SwissHoldings, the Swiss Federation of Industrial and Services Groups in Switzerland, represents 59 Swiss groups, including most of the country’s major industrial and commercial enterprises. We very much welcome the opportunity to provide comments to this Discussion Paper (DP).

We recognise that there is legitimate interest from shareholders, investors and other users in these topics, and the DP is a useful starting point for these discussions. Our detailed answers to the questions in the DP are included below. However we would like to make the following specific remarks.

  • We believe that additional disclosures on the objectives, targets and subsequent performance of business combinations are best addressed at a global regulatory level. We do not believe that such disclosures, in as far as they talk about governance and value-for-money considerations, belong in financial statements; and we question whether an accounting standards setter is the right body to be legislating on this. A useful analogy here is Executive Remuneration disclosures, where IAS 19 takes a relatively broad and high-level approach, and specific detailed requirements are left to the respective regulatory authorities.
  • Having a global regulatory approach would ensure a level playing field, especially between IFRS preparers and their competitors who may be using US, Chinese or other accounting standards. To impose these at an IFRS level only would create a competitive disadvantage.
  • We further believe that such disclosures, if needed, should be placed in the Management Discussion and Analysis and not in the Financial Statements.
  • Such disclosures should only apply to public companies, and not to private companies and subsidiaries (in a similar manner to the application of IAS 33).
  • Finally such disclosure requirements are an example of the kind of changes in IFRS that, in recent years, have led some small and medium-sized companies in Switzerland dropping IFRS in favour of the local Swiss-GAAP-FER standards. We believe this should be of concern to the IASB, as this may be illustrative of other jurisdictions where IFRS is not the only permitted financial accounting regime.

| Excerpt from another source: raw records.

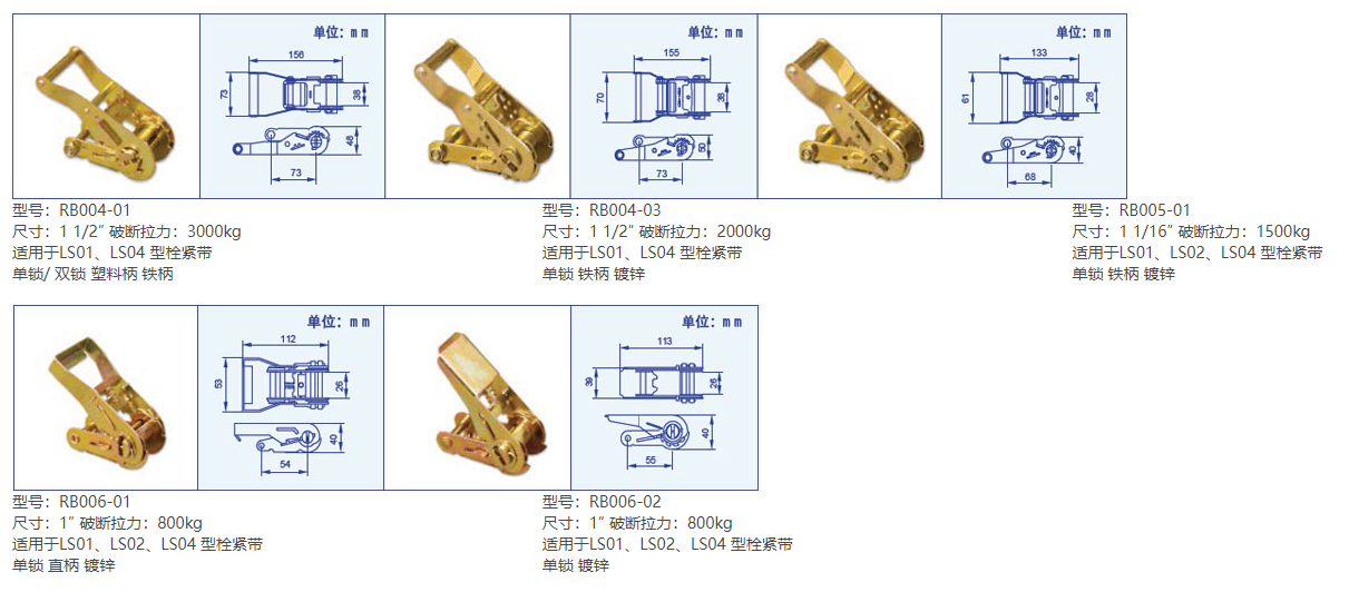 | 產品型號 | 適用尺寸 | 破斷拉力(kg) | 規格大小(mm) | 表 面 | 適合型號 | |||
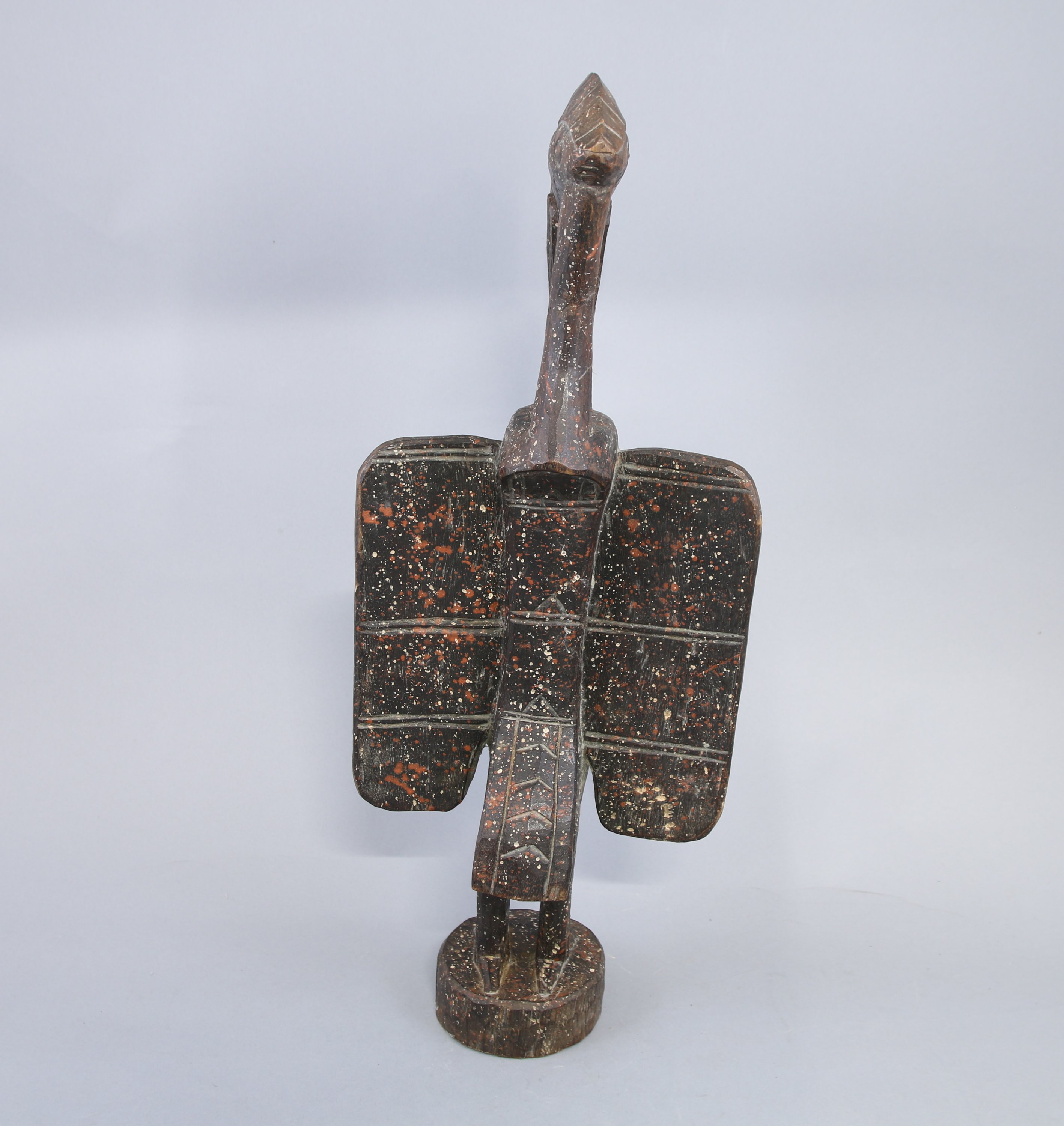 Statue représentant un oiseau calao debout sur une base circulaire, les ailes déployées, le cou gracile et le long bec dans un geste symbolique, rejoint le ventre qu’il vient de féconder.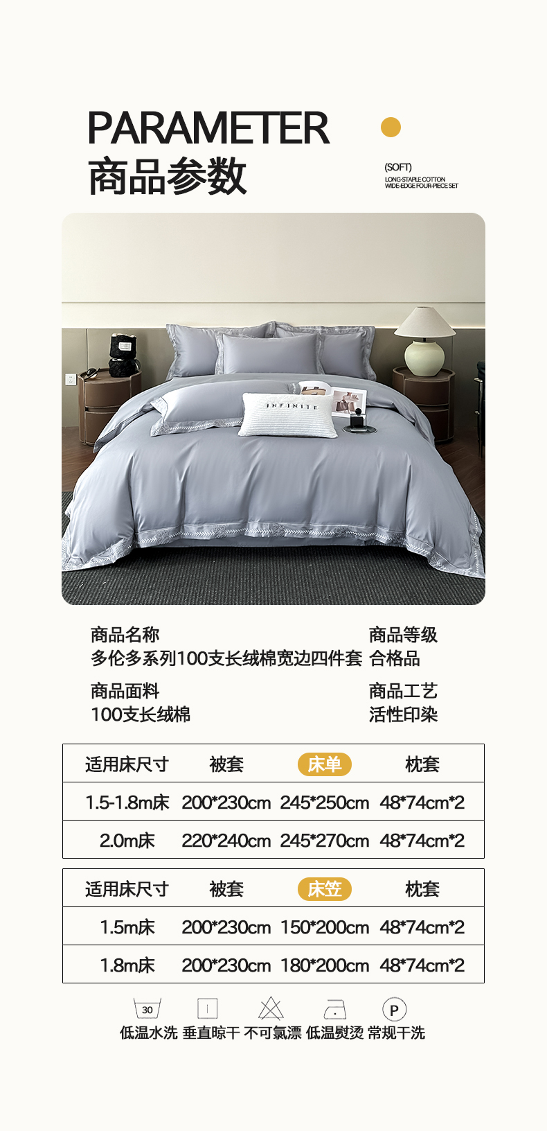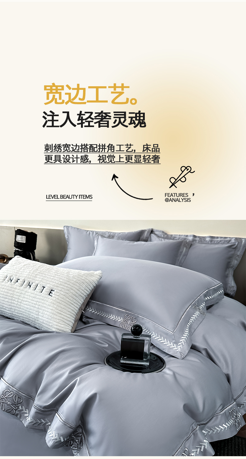 商品名称:(总)置顶家纺 2026春夏新款多伦多系列亲肤刺绣拼角四件套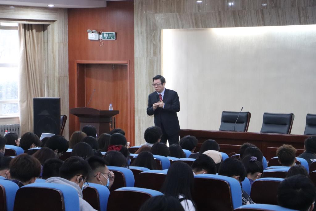 接着,李永刚教授对“大难兴邦,挫折练人”进行了生动讲解。李教授通过实例告诉同学们挫折能增强耐受力,逆境体验是成功的重要内容;列举周文王、司马迁等人的故事告诉同学们挫折是强者的进身之阶,弱者的无底之渊。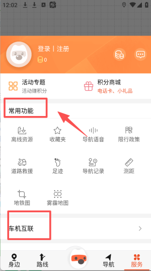4、访问常用功能,点击“常用功能”中的“车机互联”,连接记录仪。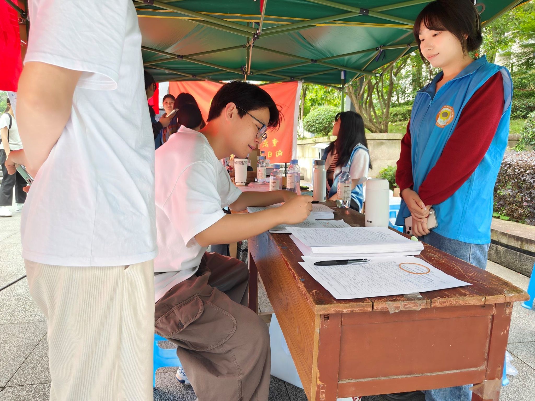 重庆市血液中心的工作人员也来到现场,为师生们提供专业的献血指导和服务。他们耐心解疑答惑,细致进行身体检查,确保每位献血者的安全。

The minor improvements proposed in the goodwill impairment testing are welcome, but we would encourage the IASB not to invest too much time and energy trying to fix this in isolation. A comprehensive project to revisit the accounting and reporting of intangible assets in total is well overdue, to include goodwill and also internally generated intangibles; and we hope and support that the IASB can take this up at earliest opportunity.